Secondly, and this one is big....my experience with passive setups are that they are MORE coherent than active ones. It seems to go against the logic of every DIY college student out there, but it works better (except for horn systems in most cases)....even with standard crossovers from the manufacturer.

A lot of guys need to drop all this obsession with theory and ****. I've been in a ton of cars active and passive, and rarely do these rules apply to a tee each and every time. 

I don't obsess over imaging and staging like most on here do so my comments are primarily aimed at the tonal balance and coherence of a system. When I look to boost or cut a frequency it is to affect the sound, not soundstage....

Believe me bro, I wouldn't come on here to take a contrarian point to 90% of this forum just for the hell of it. I've been privileged to hear some great, simple 2 way passive systems that ROCK....punch, dynamics, midbass, ambience, full sound, etc.

The simplicity of these systems are shocking...shocking enough to change someone's life.


----------



## cvjoint (Mar 10, 2006)

Candisa said:


> A DSP can do 3 important things:
> - Time Alignment
> - Crossover + attenuation per channel
> - Equalizing
> ...


But that's the point isn't it? Show me a passive that does what the Bit1 does. Furthermore the main benefit of having a passive is to plug in and play. If that passive that you mention exists (I haven't seen one in my life) it will have to be tuned, it's not plug in play. 

You say ...or use built in EQ in headunit. Well *that is DSP* isn't it? If you have a unit that does independent LR EQ it can do TA and gain as well._ If you are using DSP to fix a passive than why use a passive at all? _

It's nonsense. This passive can exist but it doesn't. In the end active will still beat it, it won't saturate when you throw hundreds of watts at it, it will do a better job matching impendance changes etc.


----------



## [email protected] (Jun 12, 2008)

SSSnake, I dont see how days of tuning is called "equal or less effort" and your remark about what you call "similance" is just plain off, because thats not a real word.


----------



## cvjoint (Mar 10, 2006)

FG79 said:


> A lot of guys need to drop all this obsession with theory and ****. I've been in a ton of cars active and passive, and rarely do these rules apply to a tee each and every time.


When you design a passive or an amplifier yourself using only your ears and no modern science I will listen to what you have to say.

If you don't believe that theory holds then you have to disprove it in a coherent matter. What is wrong with any of the points we brought up about active filtering? Can you design a controlled experiment to prove your theory? Is it repeatable and the same results ensue? Your evidence is anecdotal...


----------



## SSSnake (Mar 8, 2007)

> As for the modern day stuff, you are not going to get an amp that's gonna touch my PG MS1000 brand new in 2010 that retails under $1000-1500 (at least that much, and I don't even know if they're as good). You ready to cough up $3000+ in amps?


Here is the example of where we fundamentally disagree. How is the MS1000 superior to two JL Audio HD600s? Power output would be VERY similar (less than a db difference in output levels). I don't and never will buy into the magic amp argument. They should be and for the most part are simple gain blocks. If they are doing ANYTHING else (ingnoring an internal crossover or eq) they are NOT what anyone should want in their system.

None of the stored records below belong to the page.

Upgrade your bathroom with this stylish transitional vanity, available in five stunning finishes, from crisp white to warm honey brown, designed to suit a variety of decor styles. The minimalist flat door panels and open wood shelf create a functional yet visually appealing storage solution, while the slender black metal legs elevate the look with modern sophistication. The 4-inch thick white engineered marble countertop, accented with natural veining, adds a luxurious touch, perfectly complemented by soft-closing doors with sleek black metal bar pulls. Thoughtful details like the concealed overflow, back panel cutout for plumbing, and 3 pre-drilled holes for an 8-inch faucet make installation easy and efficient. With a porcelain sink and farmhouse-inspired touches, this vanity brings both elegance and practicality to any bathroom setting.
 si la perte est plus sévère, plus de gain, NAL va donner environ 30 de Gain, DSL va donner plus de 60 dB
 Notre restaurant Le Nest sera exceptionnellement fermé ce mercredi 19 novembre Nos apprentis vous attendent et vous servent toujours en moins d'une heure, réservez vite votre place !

Your next arguments seem to focus on "coherence". Help me out with that one... Meriam says coherent is defined as: logically or aesthetically ordered or integrated : consistent. When you start hammering on those coils in your passive crossover and they heat up and the voice coil on the speaker heats up guess what, consistency goes to hell. The xover point will drift. This does NOT happen with an active xover. 



> There will always be a compromise between tonal balance and coherence in an active system


Why? What is it about an acitve system that creates this flaw? There is nothing about an active system that should effect tonal balance adversly. For coherence, I have already made my case.

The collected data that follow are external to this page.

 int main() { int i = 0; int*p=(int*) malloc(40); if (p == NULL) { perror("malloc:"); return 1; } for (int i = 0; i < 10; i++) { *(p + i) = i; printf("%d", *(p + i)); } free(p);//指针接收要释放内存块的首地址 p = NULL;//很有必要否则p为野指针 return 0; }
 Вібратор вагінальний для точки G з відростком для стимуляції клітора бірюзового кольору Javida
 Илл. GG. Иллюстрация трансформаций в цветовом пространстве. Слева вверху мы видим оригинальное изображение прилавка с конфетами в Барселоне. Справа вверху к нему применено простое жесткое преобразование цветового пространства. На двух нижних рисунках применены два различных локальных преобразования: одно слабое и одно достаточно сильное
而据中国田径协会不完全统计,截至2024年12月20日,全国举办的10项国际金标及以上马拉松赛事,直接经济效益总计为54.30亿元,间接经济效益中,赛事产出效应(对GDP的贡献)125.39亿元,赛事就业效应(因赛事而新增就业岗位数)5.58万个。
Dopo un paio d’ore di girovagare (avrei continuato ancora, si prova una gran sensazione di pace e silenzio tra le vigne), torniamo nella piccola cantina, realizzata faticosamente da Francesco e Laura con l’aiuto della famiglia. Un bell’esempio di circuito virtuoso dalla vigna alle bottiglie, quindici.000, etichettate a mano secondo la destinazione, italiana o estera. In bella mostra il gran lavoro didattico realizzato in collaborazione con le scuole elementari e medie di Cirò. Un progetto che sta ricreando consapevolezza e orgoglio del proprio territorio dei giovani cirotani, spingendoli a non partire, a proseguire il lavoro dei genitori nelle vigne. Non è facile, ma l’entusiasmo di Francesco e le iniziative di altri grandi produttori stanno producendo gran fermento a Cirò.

> Another thing to worry about is 3 amps worthy of having me part with my money will tax my electrical system a bit.


Go digital and don't look back. There are some very good high efficiency amplifier solutions out there that won't be as taxing on your electrical system as the current amp. Besides running three smaller amps of the same topology as the larger amp is NOT going to consume an appreciable amount of additional power.



> A lot of guys need to drop all this obsession with theory and ****.


None of what I have said is based on theory alone. As I said I have designed and built passives. There is no magic here. The circuitry has been well known for some time. In my epxerience - not opinion - there is nothing a passive does that cannot be done with an active xover.

I do like your comment about a good two way. I like them a LOT! There is a lot to be said for the simplicity of a two way but the magic is NOT is the passive xover.

The rest of the post seems to just rant so I will leave it alone.


----------



## cvjoint (Mar 10, 2006)

SSSnake said:


> This comes from someone who has designed and built custom passives and has had formal training in their design and fabrication. For the typical DIY guy I wouldn't even consider going passive even in this fairly simple application.


:thumbsup: That's what I call a reliable source. 

I'm also a reliable source since my car is currently using NO crossovers. Stock S2000, one way full range FTW


----------



## SSSnake (Mar 8, 2007)

Beats,

To build a custom passive xover that is nearly as effective as an active setup is VERY time consuming. I have gone the extra mile and hand wound coils put them on an inductance bridge and measured the results. I have used the silver caps and all of that nonsense. There is NO way to build a passive xover that is as effective as an active within an automotive environment (with multiple moutning planes, differing center to center distances, etc.) as quickly and cheaply as just using an active xover.


----------



## Candisa (Sep 15, 2007)

cvjoint and SSSnake: I shouldn't even bother to respond to you guys...
There are passive crossovers out there that have:
- variable phase-shift control per driver --> unless you want an absolutely perfect stage with the center spot-on in the middle, you do NOT need TA to blend the drivers in with eachother and even if you want to get the staging perfectly right, you can still achieve that with L-R TA only, without having to TA each driver independently.
- variable crossoverpoint control per driver --> allows to set the crossoverpoints higher and lower within the safe range of the drivers and to play with overlap or underlap

Those passive crossovers aren't cheap and probably cost as much as a good DSP or even slightly more, but you still have the advantage of only having to buy a 2ch amp instead of a 6ch one, allowing you to get a better amp or save some money there.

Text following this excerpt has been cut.